[Source data]
● ● ● ●

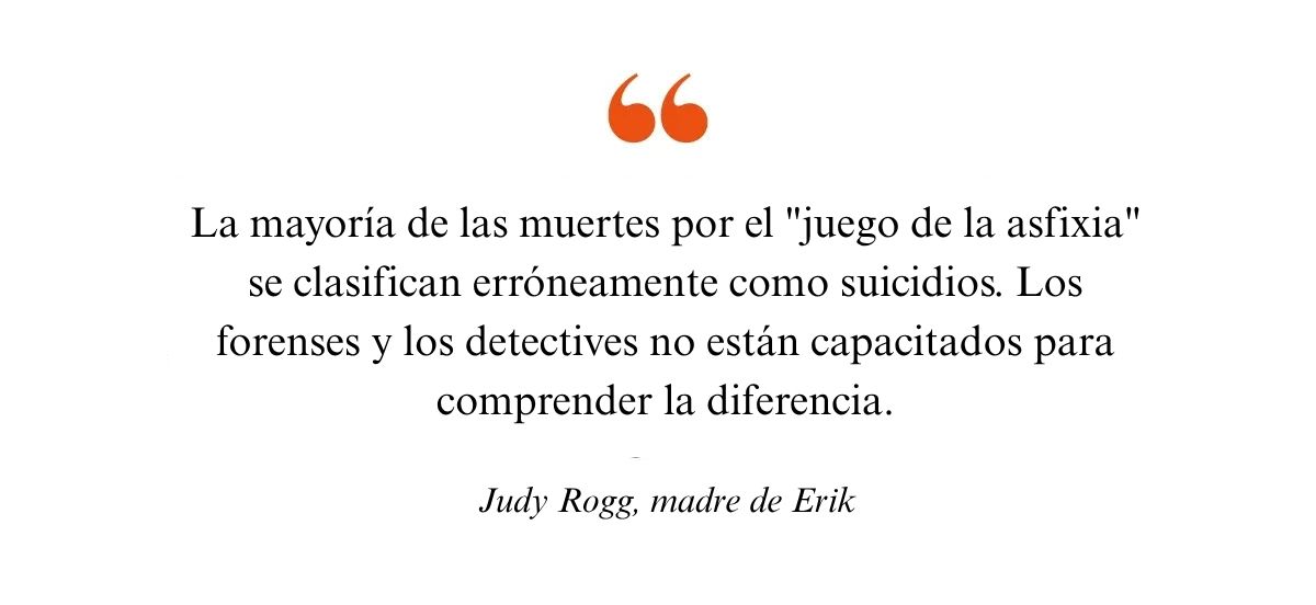 "La mayoría de las muertes por el juego de la asfixia se clasifican erróneamente como suicidios. Los forenses y los detectives no están capacitados para entender la diferencia. Entran, les parece un suicidio, marcan una casilla y se van", dijo, señalando que a los padres a menudo les cuesta cambiar el certificado de defunción a posteriori. "Esto deja a los padres en una doble encrucijada: '¿Qué señales no vi? ¿Qué mal padre soy?'. No eran malos padres. Es solo que no había nadie a quien hablarle de ello".
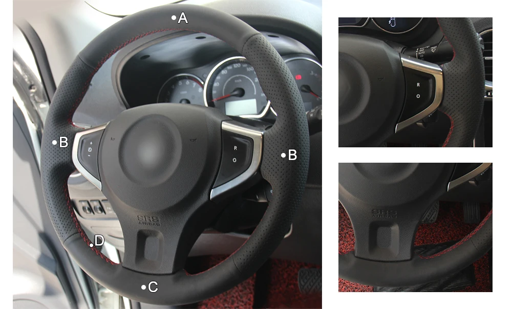 Сшитый вручную черный замшевый красный маркер фотоэлемент для Toyot...
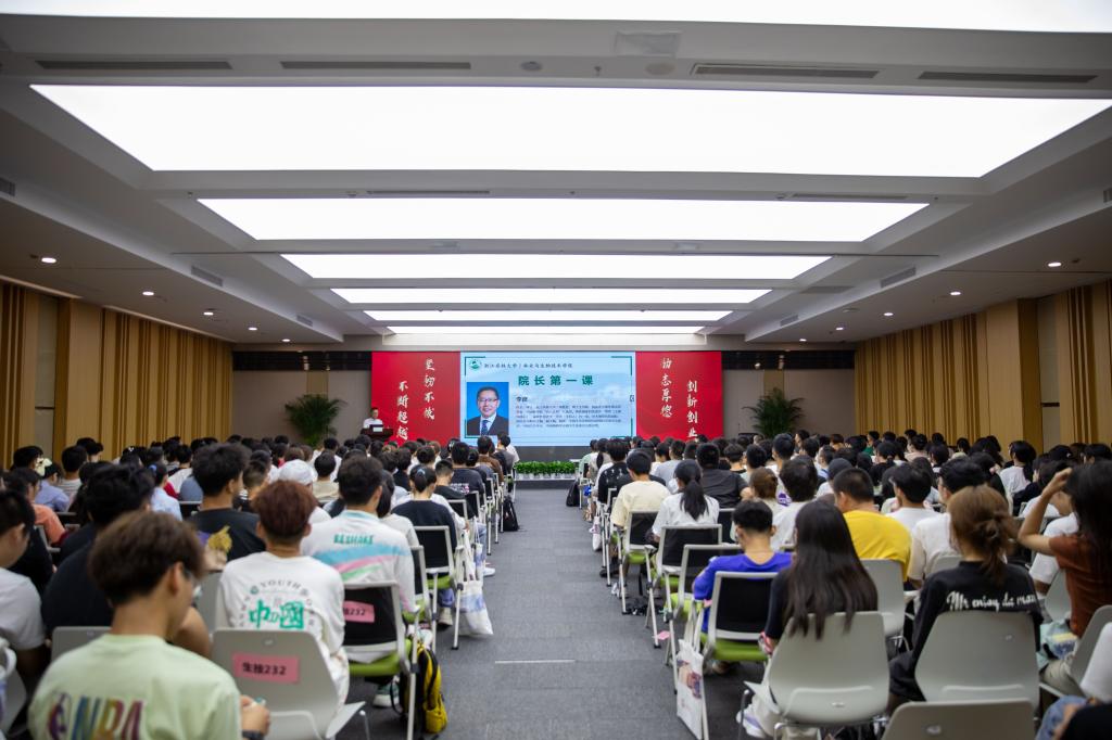 为展现bat365特色教学体系和学科建设风范,帮助新生树立长远目标,9月17日,学院2023级新生开学第一课顺利开展。学院院长李彦面向学院全体2023级本科生讲授开学第一课。
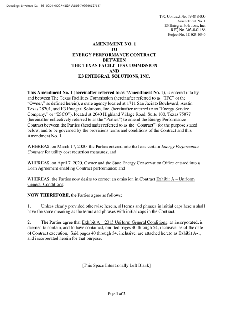DocuSign Envelope ID: 13615CD44CC74E2FAEE67A0346727517TFC Contract No. 19048000 Amendment No. 1 E3 Integral Solutions, Inc. RFQ No. 303801186 Project No. 180230540AMENDMENT NO. 1 TO ENERGY PERFORMANCE
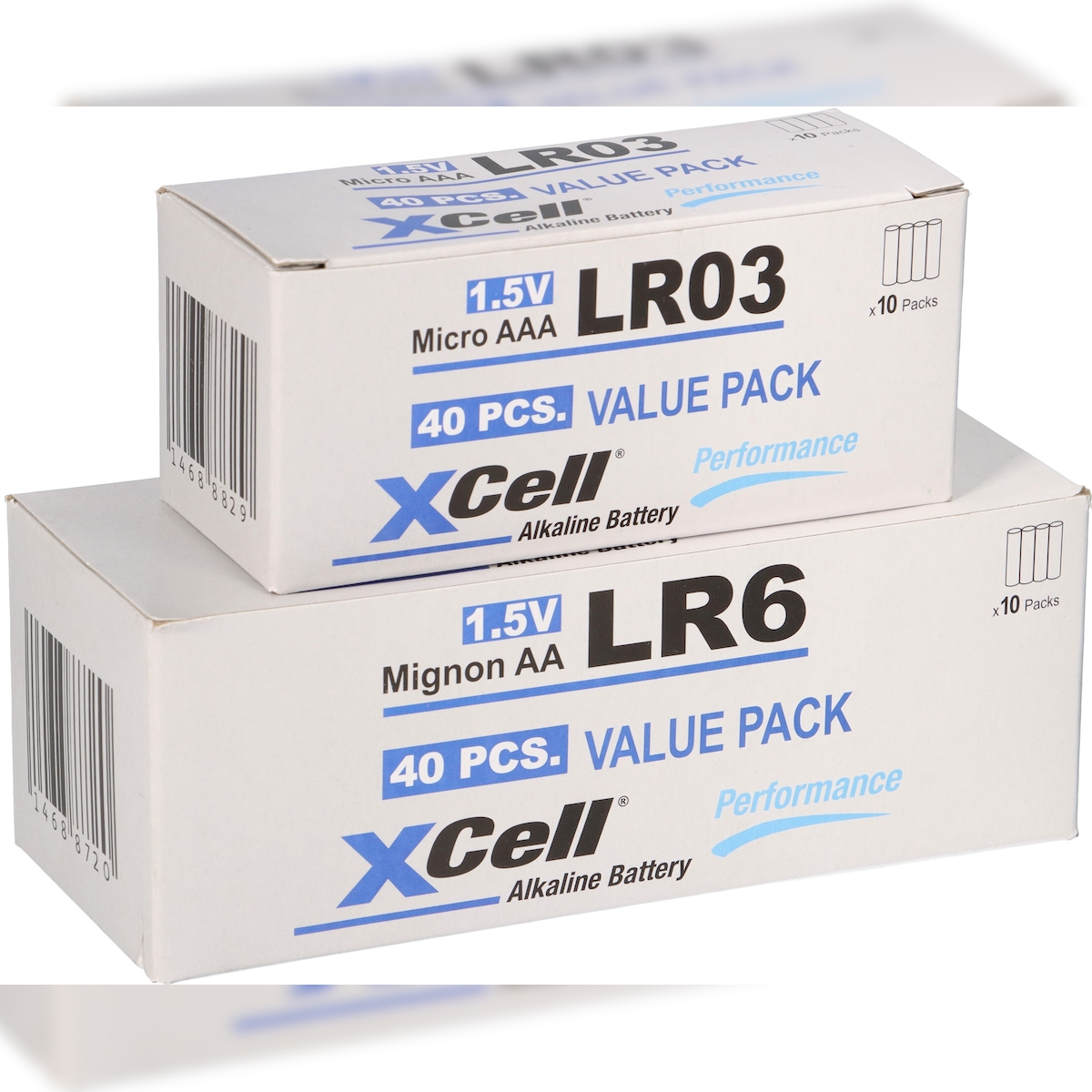 80 Batterien 40x XCell LR03 Micro AAA + 40x XCell LR6 Mignon AA
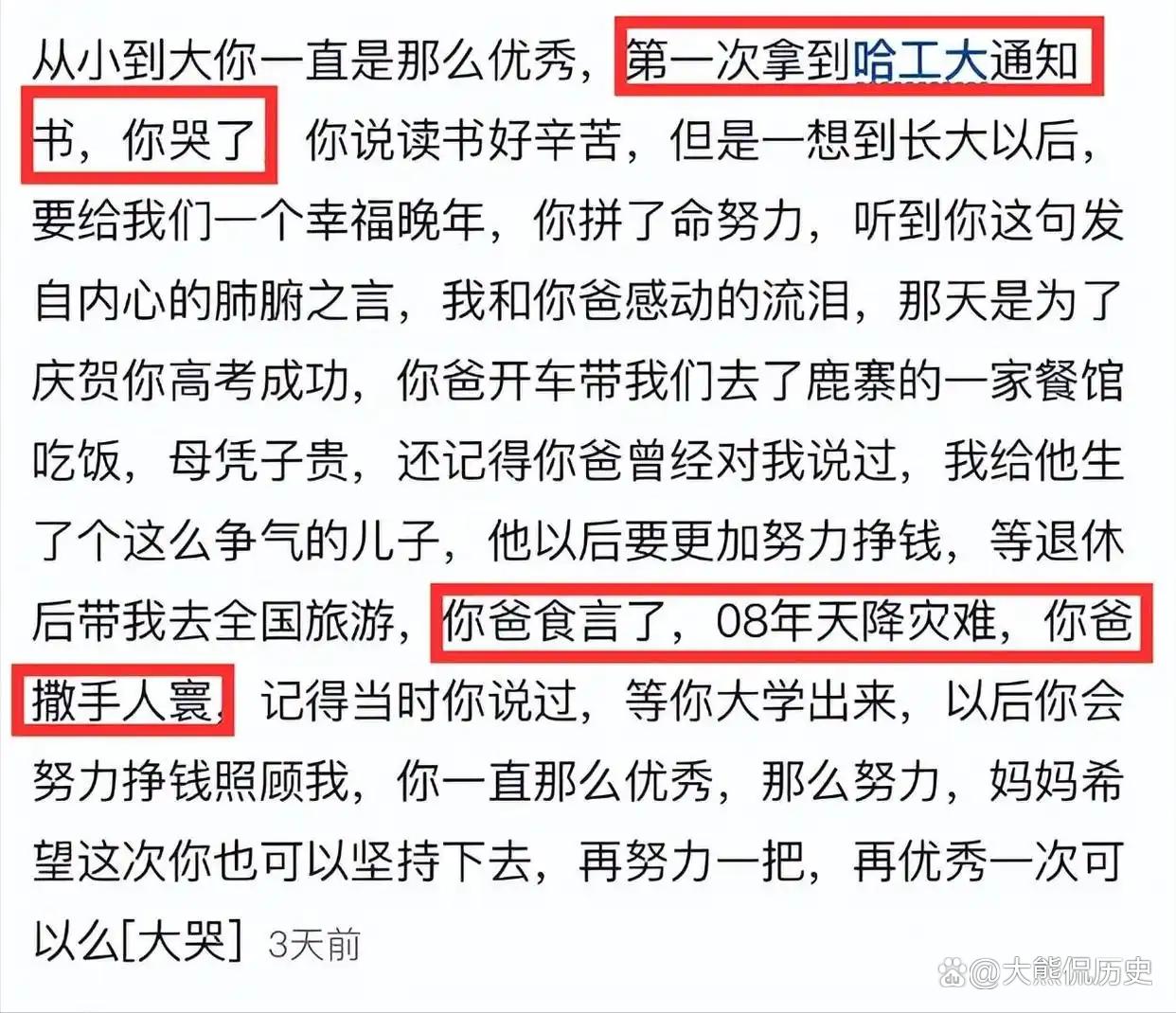 蔡湘孟的父亲于2008年不幸离世,自那以后,母子二人便相互扶持,相依为命。他曾是母亲心中唯一的希望,那个在考入哈尔滨工业大学后泪流满面,誓言要为母亲撑起一片天空的少年。他立志要勤奋工作,赚取足够的财富,精心照料母亲——然而,这一次,他的承诺未能如约实现。
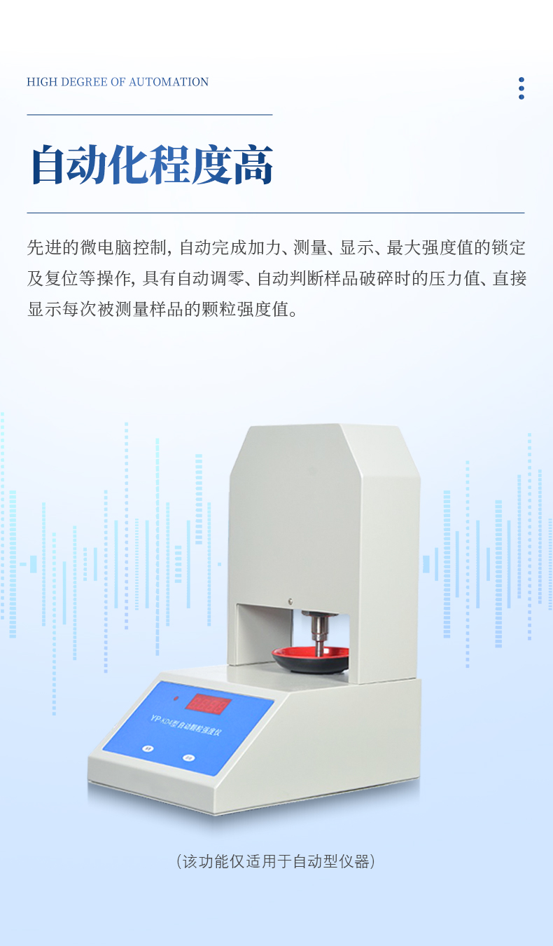 儀器采用先進(jìn)的微電腦控制,自動(dòng)完成加力、測(cè)量、顯示、最大強(qiáng)度值的鎖定及復(fù)位等操作,具有自動(dòng)調(diào)零、自動(dòng)判斷樣品破碎時(shí)的壓力值、直接顯示每次被測(cè)量樣品的顆粒強(qiáng)度值。是催化劑、化肥、藥品、水果等顆粒樣品聚合強(qiáng)度測(cè)定最理想的新型試驗(yàn)儀器。
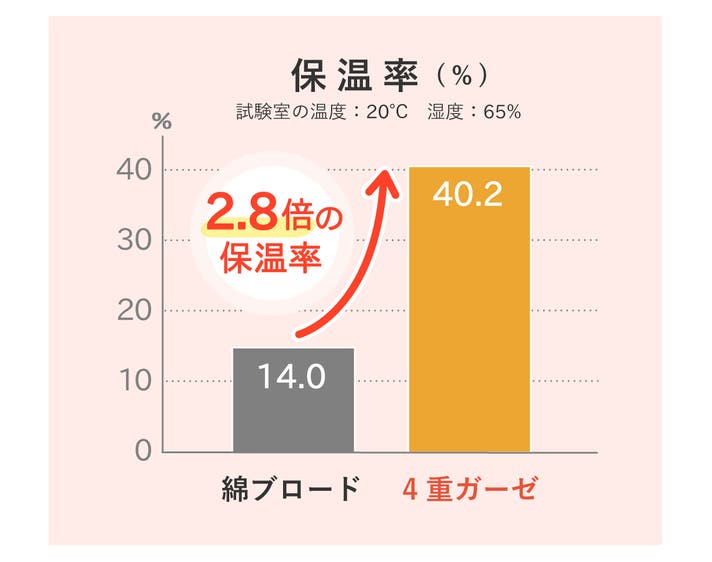 寝具で一般的に使われる綿ブロード生地と比較して、4重ガーゼは約2.8倍もの保温率です。
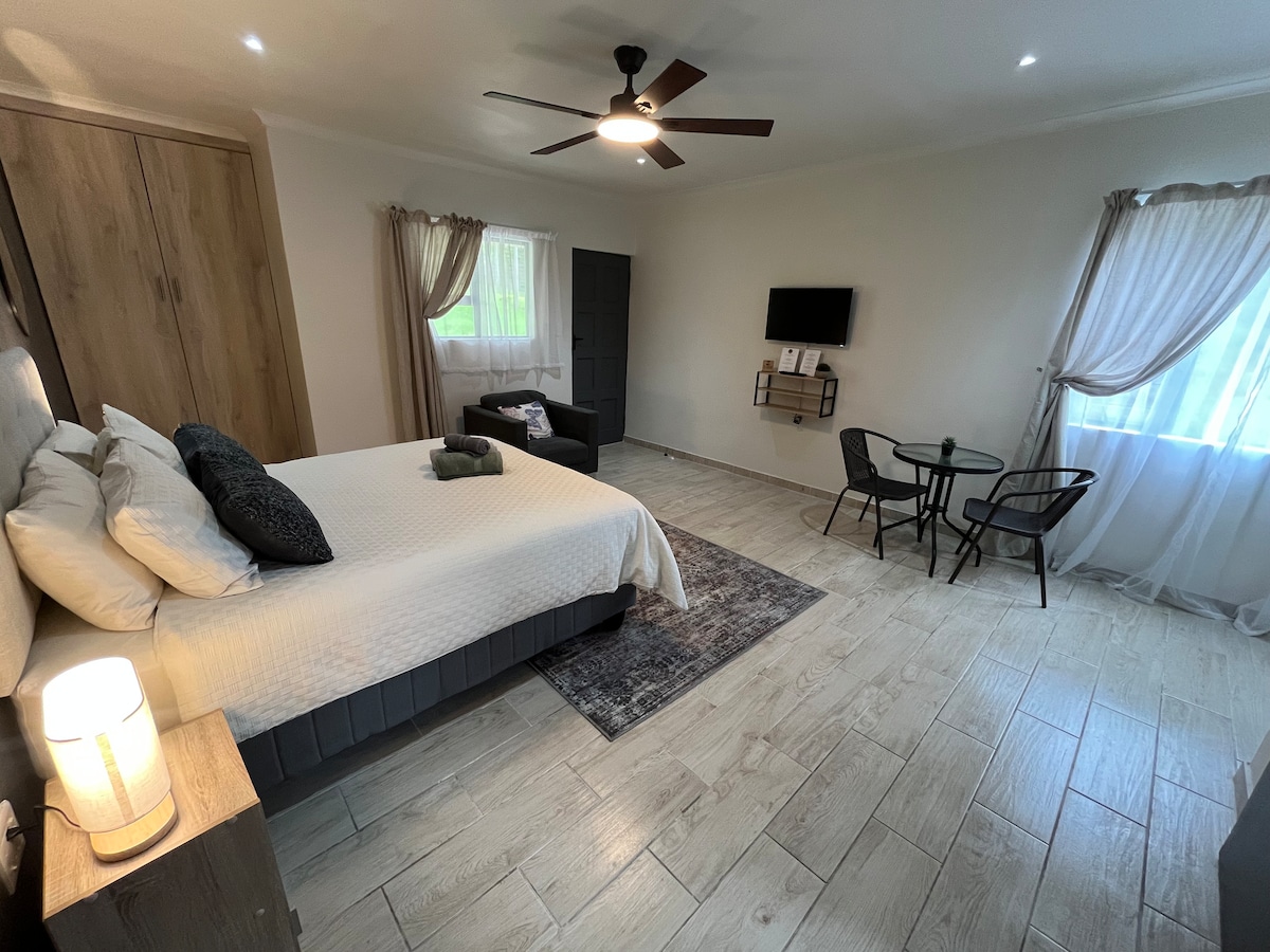 Private spacious room with queen size bed, on-suite bathroom, built in cupboards, Samsung 50" UHD TV, uncapped fibre, desk for working and mini kitchen with basic essentials, microwave, fridge and kettle. Peaceful environment, lush gardens with an abundance of bird life. Close to Hillcrest, Kloof, Assegai, Botha's Hill & Waterfall. Great for couples, solo adventurers and business travelers. Generator for when there is load shedding and safe parking on the premises.

● ● ● ●

§ What to produce: Respond with the exact lines above running from the one containing "为展现bat365特色教学体" to the one containing "寝具で一般的に使われる綿ブロ", both ends kept and no pictures included.

§ Output of the task:
 为展现bat365特色教学体系和学科建设风范,帮助新生树立长远目标,9月17日,学院2023级新生开学第一课顺利开展。学院院长李彦面向学院全体2023级本科生讲授开学第一课。
DocuSign Envelope ID: 13615CD44CC74E2FAEE67A0346727517TFC Contract No. 19048000 Amendment No. 1 E3 Integral Solutions, Inc. RFQ No. 303801186 Project No. 180230540AMENDMENT NO. 1 TO ENERGY PERFORMANCE
 80 Batterien 40x XCell LR03 Micro AAA + 40x XCell LR6 Mignon AA
 蔡湘孟的父亲于2008年不幸离世,自那以后,母子二人便相互扶持,相依为命。他曾是母亲心中唯一的希望,那个在考入哈尔滨工业大学后泪流满面,誓言要为母亲撑起一片天空的少年。他立志要勤奋工作,赚取足够的财富,精心照料母亲——然而,这一次,他的承诺未能如约实现。
 儀器采用先進(jìn)的微電腦控制,自動(dòng)完成加力、測(cè)量、顯示、最大強(qiáng)度值的鎖定及復(fù)位等操作,具有自動(dòng)調(diào)零、自動(dòng)判斷樣品破碎時(shí)的壓力值、直接顯示每次被測(cè)量樣品的顆粒強(qiáng)度值。是催化劑、化肥、藥品、水果等顆粒樣品聚合強(qiáng)度測(cè)定最理想的新型試驗(yàn)儀器。
 寝具で一般的に使われる綿ブロード生地と比較して、4重ガーゼは約2.8倍もの保温率です。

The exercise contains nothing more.